Research Article: The association between heat stroke and subsequent cardiovascular diseases

Date Published: February 13, 2019

Publisher: Public Library of Science

Author(s): Jen-Chun Wang, Wu-Chien Chien, Pauling Chu, Chi-Hsiang Chung, Chih-Yuan Lin, Shih-Hung Tsai, Wisit Cheungpasitporn.

http://doi.org/10.1371/journal.pone.0211386

Abstract

Recent studies have indicated that several critical illnesses are associated with an increased risk of cardiovascular diseases (CVDs). Nonetheless, studies of the association between heat-related illnesses (HRIs) and subsequent CVDs are still limited. We sought to evaluate whether heat stroke (HS) was associated with an increased CVD incidence.

The data from the nationwide, population-based, retrospective, cohort study described herein were obtained from the National Health Insurance Research Database in Taiwan. The outcome evaluated in this study was the cumulative incidence of CVDs, which was compared between patients with HS, patients with other HRIs and a control group during a 14-year follow-up period.
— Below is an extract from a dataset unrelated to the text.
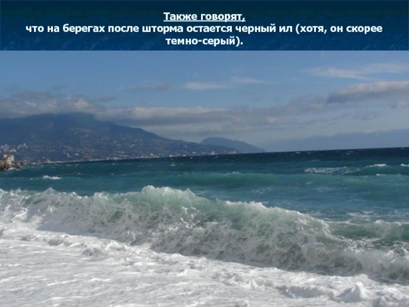 что на берегах после шторма остается черный ил (хотя, он скорее темно-серый).
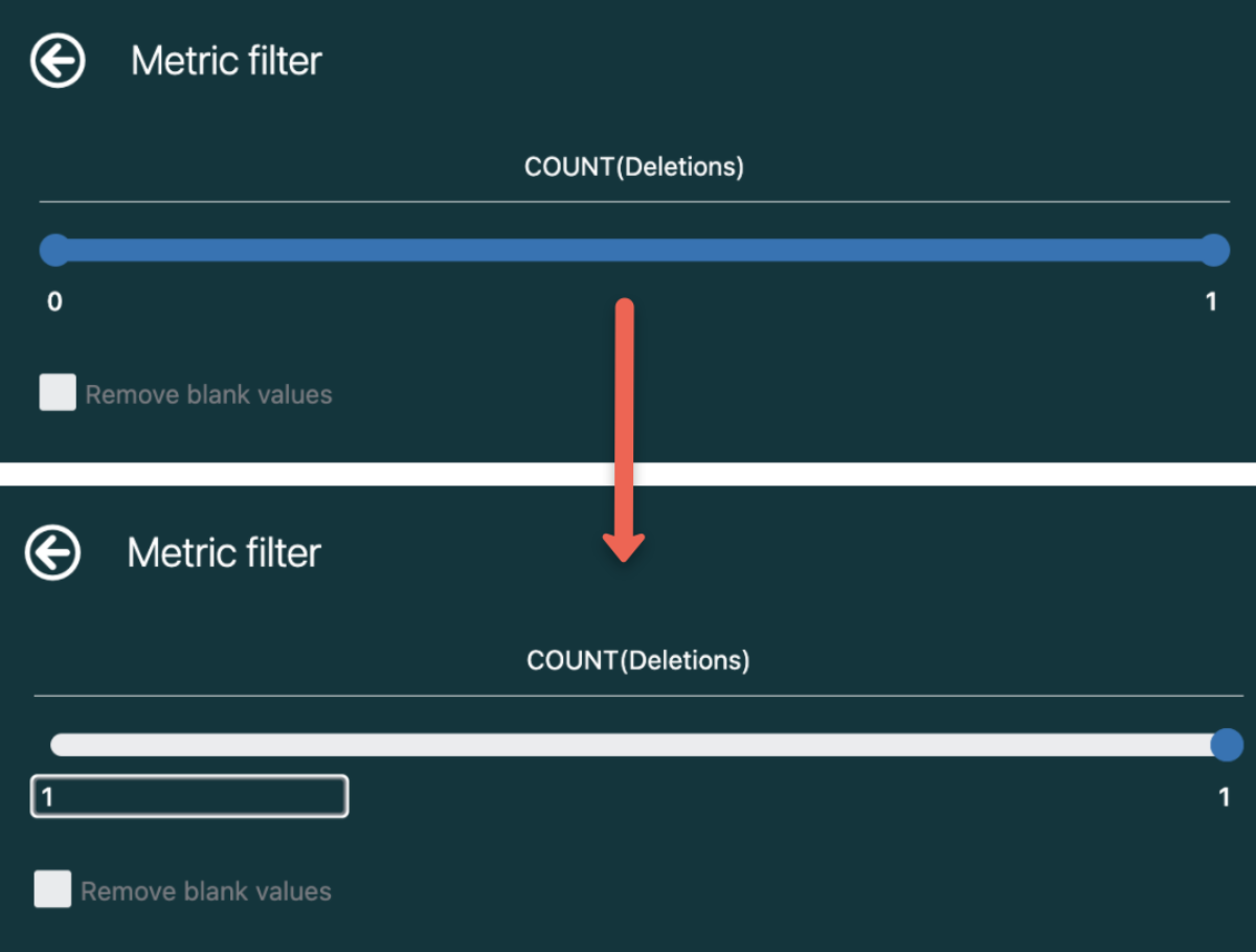 메트릭 필터를 클릭합니다. 하한을 1로 변경합니다.. 이렇게 하면 보고서에서 부적격 티켓이 제거됩니다.

Our analyses included 150 HS cases, 150 patients with other HRIs and 150 patients without HRIs. The HS patients had a significantly higher incidence of developing CVDs than the other HRI and control patients (32.67% vs. 23.33% vs. 16.67%, p = 0.005). Patients with HS had an increased incidence of acute myocardial infarction (AMI) compared with that of the controls (6% vs. 2.67%, p = 0.042) and an increased incidence of acute ischemic stroke (AIS) compared with those of the other HRI and control patients (12% vs. 6% vs. 4.67%, p = 0.038). An increased risk of chronic kidney disease (CKD) was also found in the patients with HS and other HRIs compared to that in the controls (17.33% vs. 14.67% vs. 6.67%, p = 0.016).
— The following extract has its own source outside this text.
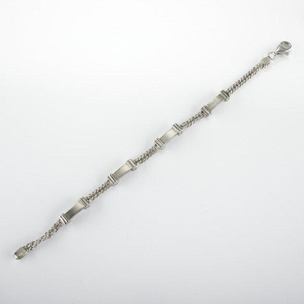 Diseñada con elegancia y firmeza, esta pulsera de Plata 925 combina una cadena trenzada de acabado brillante con placas rectangulares pulidas que aportan un toque distintivo. Su estructura robusta y cierre seguro la convierten en una joya perfecta para uso diario o para complementar looks sofisticados.

Prior HS was associated with an increased incidence of CVDs, particularly AMI and AIS, and an increased incidence of CKD.

Partial Text

Heat-related illnesses (HRIs) affect a large number of people every year and are becoming an increasingly common cause of health issues, as climate change is resulting in rising global temperatures [1]. Patients with HRIs present to the emergency department frequently, and the visit rates are correlated with temperature anomalies [2]. Severe HRIs can cause multiple organ failure, rhabdomyolysis and coma with acute and even permanent damage to the vital organs [3–6]. Heat stroke (HS) is the most severe HRI and has been defined as a patient with profound central nervous system abnormalities and severe hyperthermia (core temperature typically but not always > 40°C) [7]. HS is associated with high mortality, and survivors may retain chronic neurological sequelae [8].

Fig 1 presents a flow diagram of patient enrollment in this study. Among a total of 989,753 patients in the LHID from the NHIRD, 150 individuals with heat stroke were identified. Another 150 sex- and age-matched individuals were designated to each of the other HRI and control groups. Table 1 shows no significant differences in sex, age, comorbidities, medications and the number of medical follow-ups among the groups at baseline after matching.

We have demonstrated an association between prior HS and an increased incidence of CVDs, specifically AMI and AIS, compared with those of age-, sex- and comorbidity-matched patients with other HRIs and controls in this population-based study. We speculate that the increase in CVDs may be due to HS itself revealing individuals susceptible to CVDs as a long-term sequela of HS.

Prior HS was associated with an increased incidence of CVDs, particularly AMI and AIS, and an increased incidence of CKD.